Material provided:
----
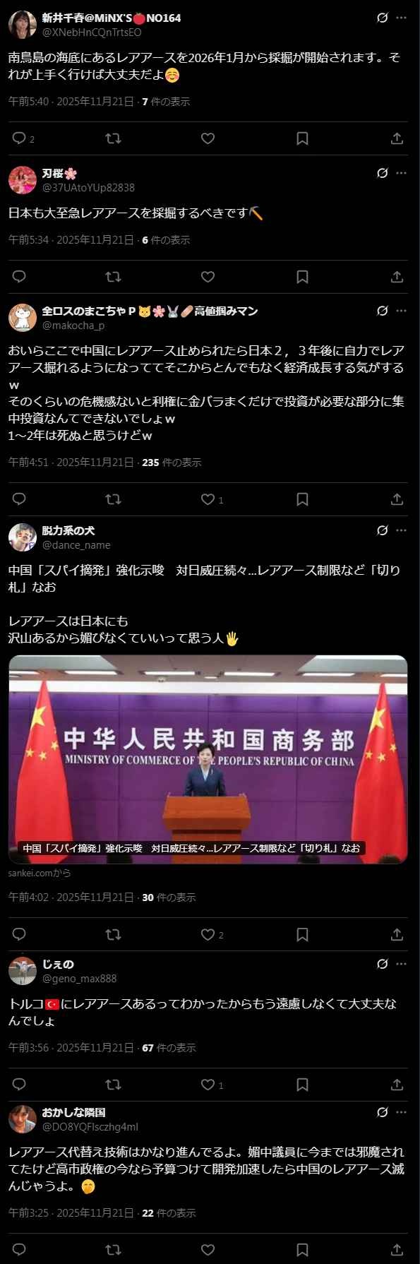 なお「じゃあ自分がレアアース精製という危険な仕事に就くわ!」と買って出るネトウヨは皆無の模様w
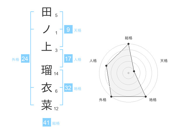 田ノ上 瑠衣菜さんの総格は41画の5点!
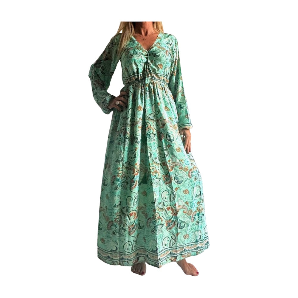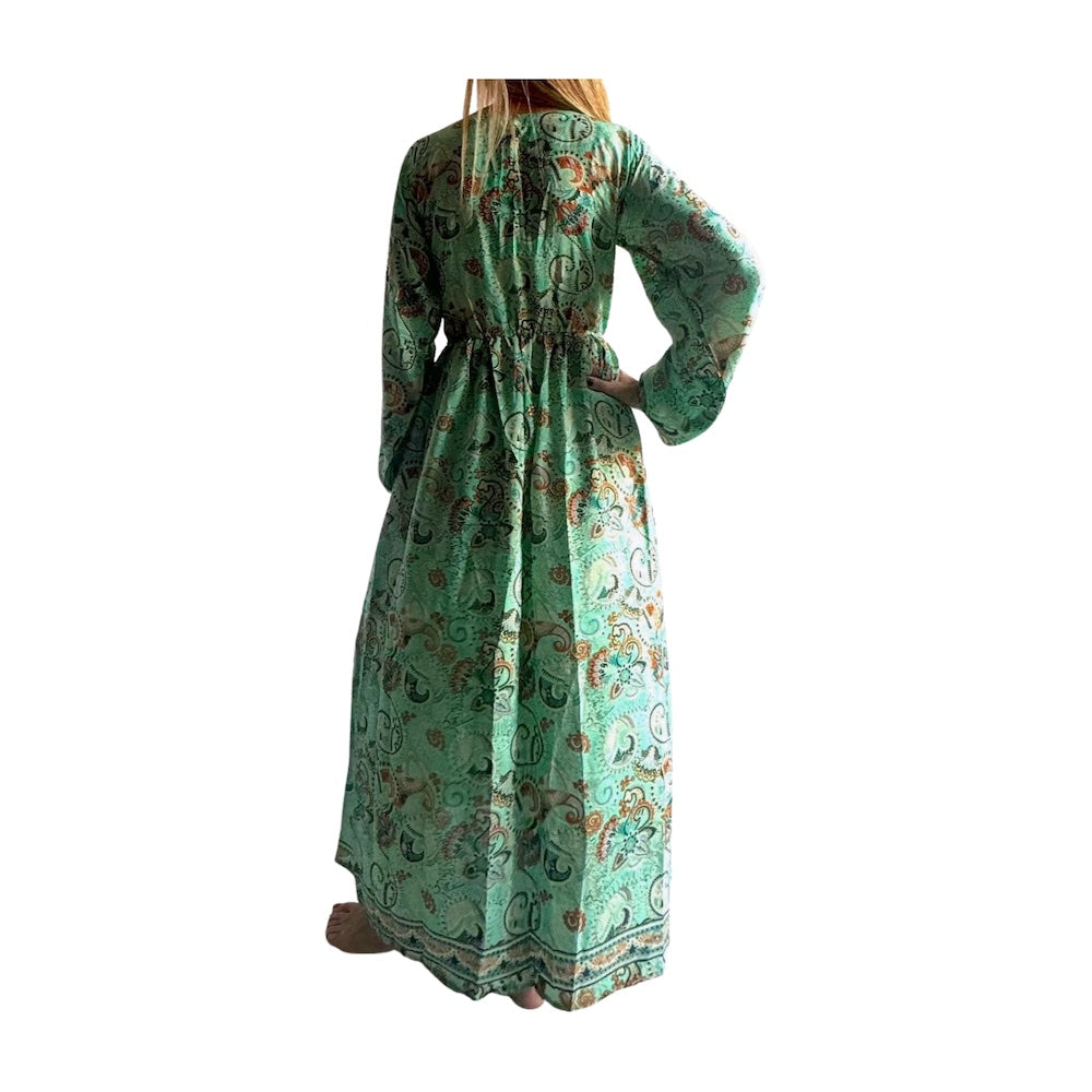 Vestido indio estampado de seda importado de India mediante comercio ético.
----
Task to complete:
Output all the material above exactly once more, leaving every picture out.

Result below:
 なお「じゃあ自分がレアアース精製という危険な仕事に就くわ!」と買って出るネトウヨは皆無の模様w
 田ノ上 瑠衣菜さんの総格は41画の5点!
 Vestido indio estampado de seda importado de India mediante comercio ético.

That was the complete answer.